La agricultura familiar llega a buen puerto

Los grupos asociados que ofrecen cada mes las bolsas con Producciones de la Agricultura Familiar inaugurarán este domingo al mediodía un nuevo punto de comercialización: se trata de la Feria del Puerto que funcionará los fines de semana de 12 a 19 en Ing. White.

El espacio es impulsado por el Consorcio de Gestión del Puerto, organismo que convocó a INTA Pro Huerta y Cambio Rural, sumando a una red de trabajo que integran Cáritas Arquidiocesana, los centros de formación profesional N° 402 y 401 (anexo UP N°4) y FM De la Calle. Se podrán adquirir hortalizas, panificados, huevos, harinas integrales, mermeladas y conservas, plantas aromáticas y próximamente hongos, pescado, carne de cerdo y pollos.

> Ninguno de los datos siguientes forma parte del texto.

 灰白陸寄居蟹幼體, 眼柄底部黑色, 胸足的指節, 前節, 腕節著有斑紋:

Si bien la apertura del mercado estaba prevista para este sábado por cuestiones climáticas el puerto no abrirá.

Marina Huentenao, integrante del área de Economía Solidaria de Cáritas, comentó que el público ser encontrará con un patio de gazebos que muestran las propuestas de emprendimientos que se aglutinan en el local de comercio justo Reloj de Arena y la Red de Comercialización de la Economía Solidaria, junto a otros artesanos locales.

Luego, accederá al mercado donde tendrán sus puestos Moras Brix, Productores Hortícolas de Sauce Chico y Colonia La Merced, Runtu Thani, Don Atilio, Trigo Limpio, Cocinando Ilusiones, Somos Andando y proyectos productivos que acompañan las Cáritas Parroquiales como trabajo de promoción humana.

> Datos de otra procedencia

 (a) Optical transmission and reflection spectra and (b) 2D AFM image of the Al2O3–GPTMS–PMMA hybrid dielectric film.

Huentenao señaló que esta alternativa de comercialización estable «es un punto importantísimo porque hace muchos años hemos ido caminando en distintos lugares con todo lo que implica el armado y desarmado. Poder contar con un espacio fijo que esté pensado para eso, donde la infraestructura está dispuesta para eso, es impensado. Cuando inauguremos lo vamos a poder creer».

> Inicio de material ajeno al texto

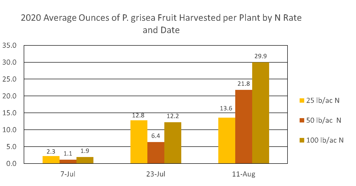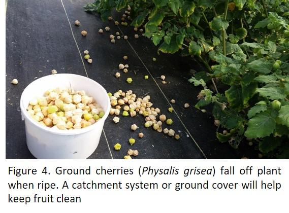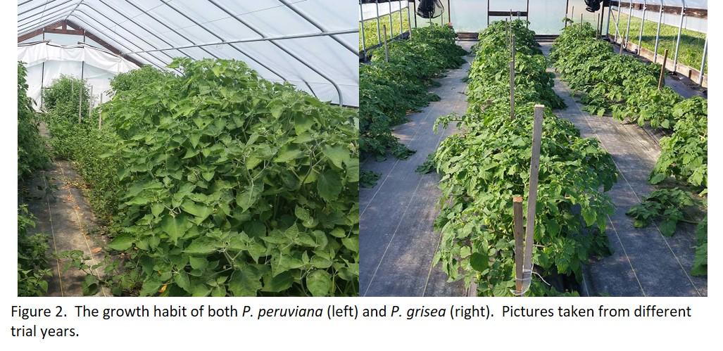 Trials conducted at Wye Research and Education Center were developed to investigate the practicality of high tunnel production of the two Physalis species to expand growing season and increase sales windows for premium prices. In 2016 and 2017, fruit yield and harvesting time was measured and pests and diseases where tracked to determine management tactics and potential profitability. For 2020, P. grisea is being trialed for nitrogen rate recommendations.

«Desde los pequeños productores se generan puestos de trabajo concretos. Con el desarrollo y el acompañamiento del Estado o instituciones intermedias, con apoyo financiero, se puede ver la calidad de vida que adquieren», enfatizó.

La integrante de EcoSol comentó que la apertura del mercado en el puerto coincide con la llegada de un banco de herramientas que le permite a las emprendedoras, por ejemplo, pasar del horno casero a un horno pizzero e incorporar amasadoras y cuadruplicar la producción.

«En esta economía donde su costo fijo es el cuerpo, poder contar con maquinaria de este estilo significa que no se levantan a las tres o cuatro de la mañana. Eso que no se puede cuantificar y que está acompañando por instituciones hace que estos espacios mejoren la calidad de vida estos integrantes de esta red».

Otro gran desafió es la autonomía. Huentenao resaltó «lo positivo que ha sido el momento de crisis que nos lleva a pensar alternativas. Se constituyeron bancos de herramientas, un fondo rotativo para la producción de harinas y de alimentos balanceado que nace desde Cáritas y habilita la compra de insumos de manera colectiva con un pequeño interés para generar fondos y ampliarlo».

«Estamos acompañando todo el paso previo para que la producción vaya tomando escala de a poco para que no se termine autoexplotando el productor si no que sea un crecimiento paulatino», finalizó.